エレミヤ書 12:1-14:22
1正しいのは、主よ、あなたです。
それでも、わたしはあなたと争い
裁きについて論じたい。
なぜ、神に逆らう者の道は栄え
欺く者は皆、安穏に過ごしているのですか。
2あなたが彼らを植えられたので
彼らは根を張り
育って実を結んでいます。
口先ではあなたに近く
腹ではあなたから遠いのです。
3主よ、あなたはわたしをご存じです。
わたしを見て、あなたに対するわたしの心を
究められたはずです。
彼らを屠られる羊として引き出し
殺戮の日のために取り分けてください。
4いつまで、この地は乾き
野の青草もすべて枯れたままなのか。
そこに住む者らの悪が
鳥や獣を絶やしてしまった。
まことに、彼らは言う。
「神は我々の行く末を見てはおられない」と。
5あなたが徒歩で行く者と競っても疲れるなら
どうして馬で行く者と争えようか。
平穏な地でだけ、安んじていられるのなら
ヨルダンの森林ではどうするのか。
6あなたの兄弟や父の家の人々
彼らでさえあなたを欺き
彼らでさえあなたの背後で徒党を組んでいる。
彼らを信じるな
彼らが好意を示して話しかけても。
主の嗣業
7わたしはわたしの家を捨て
わたしの嗣業を見放し
わたしの愛するものを敵の手に渡した。
8わたしの嗣業はわたしに対して
森の中の獅子となり
わたしに向かってうなり声をあげる。
わたしはそれを憎む。
9わたしの嗣業はわたしにとって
猛禽がその上を舞っている
ハイエナのねぐらなのだろうか。
野の獣よ、集まって餌を襲え。
10多くの牧者がわたしのぶどう畑を滅ぼし
わたしの所有地を踏みにじった。
わたしの喜びとする所有地を
打ち捨てられた荒れ野とし
11それを打ち捨てられて嘆く地とした。
それは打ち捨てられてわたしの前にある。
大地はすべて打ち捨てられ
心にかける者もない。
12荒れ野の裸の山に略奪する者が来る。
主の剣はむさぼる
地の果てから果てまで。
すべて肉なる者に平和はない。
13麦を蒔いても、刈り取るのは茨でしかない。
力を使い果たしても、効果はない。
彼らは収穫がなくてうろたえる
主の怒りと憤りのゆえに。
14主はこう言われる。「わたしが、わたしの民イスラエルに継がせた嗣業に手を触れる近隣の悪い民をすべて、彼らの地から抜き捨てる。また、ユダの家を彼らの間から抜き取る。 15わたしは彼らを抜き取った後、再び彼らを憐れみ、そのひとりひとりをその嗣業に、その土地に帰らせる。 16もしこれらの民が、かつてバアルによって誓うことをわたしの民に教えたように、わが名によって、『主は生きておられる』と誓うことを確かに学ぶならば、彼らはわたしの民の間に建てられる。 17もし彼らが従わなければ、わたしはその民を必ず抜き捨てて、滅ぼす」と主は言われる。
麻の帯とぶどう酒のかめ
1主はわたしにこう言われる。「麻の帯を買い、それを腰に締めよ。水で洗ってはならない。」 2わたしは主の言葉に従って、帯を買い、腰に締めた。

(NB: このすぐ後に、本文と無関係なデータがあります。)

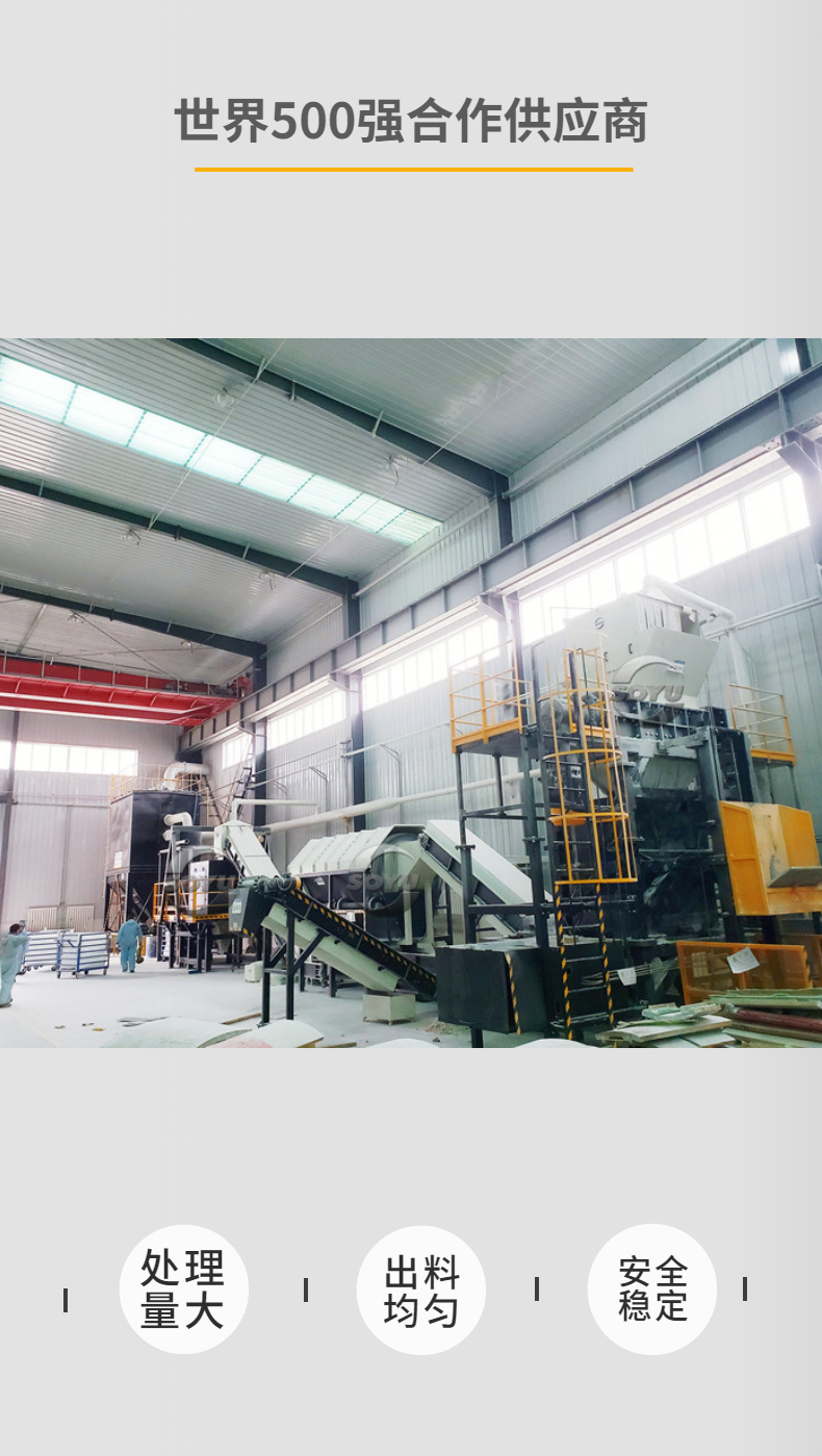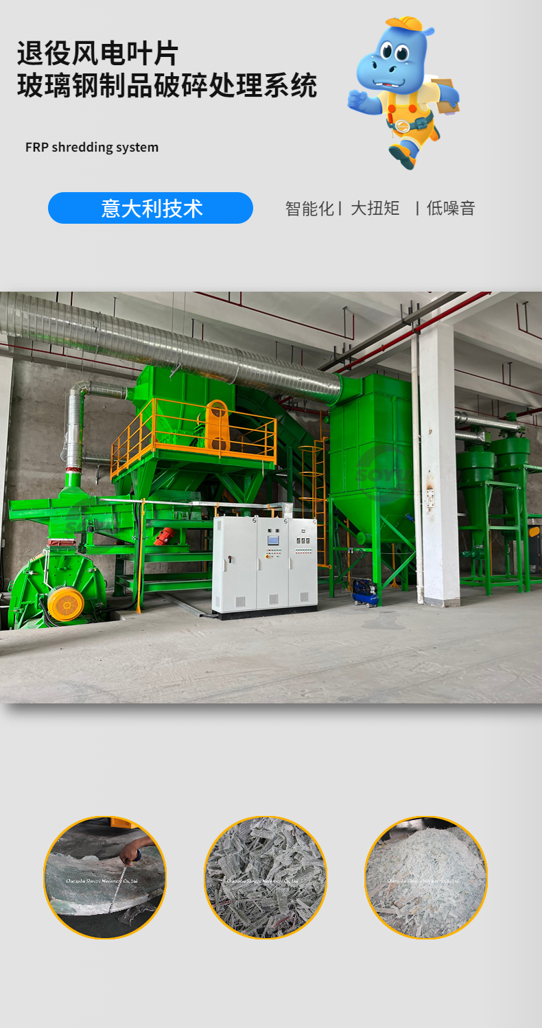 針對(duì)退役風(fēng)電葉片(玻璃鋼)材質(zhì)物料,首譽(yù)機(jī)械提供專業(yè)的退役風(fēng)電葉片資源化成套處置系統(tǒng),為批量無害化處置退役風(fēng)機(jī)葉片探索出一條可行性和經(jīng)濟(jì)性兼顧的技術(shù)途徑。

3主の言葉が再びわたしに臨んだ。 4「あなたが買って腰に締めたあの帯をはずし、立ってユーフラテスに行き、そこで帯を岩の裂け目に隠しなさい。」 5そこで、わたしは主が命じられたように、ユーフラテスに行き、帯を隠した。 6多くの月日がたった後、主はわたしに言われた。「立って、ユーフラテスに行き、かつて隠しておくように命じたあの帯を取り出しなさい。」 7わたしはユーフラテスに行き、隠しておいた帯を探し出した。見よ、帯は腐り、全く役に立たなくなっていた。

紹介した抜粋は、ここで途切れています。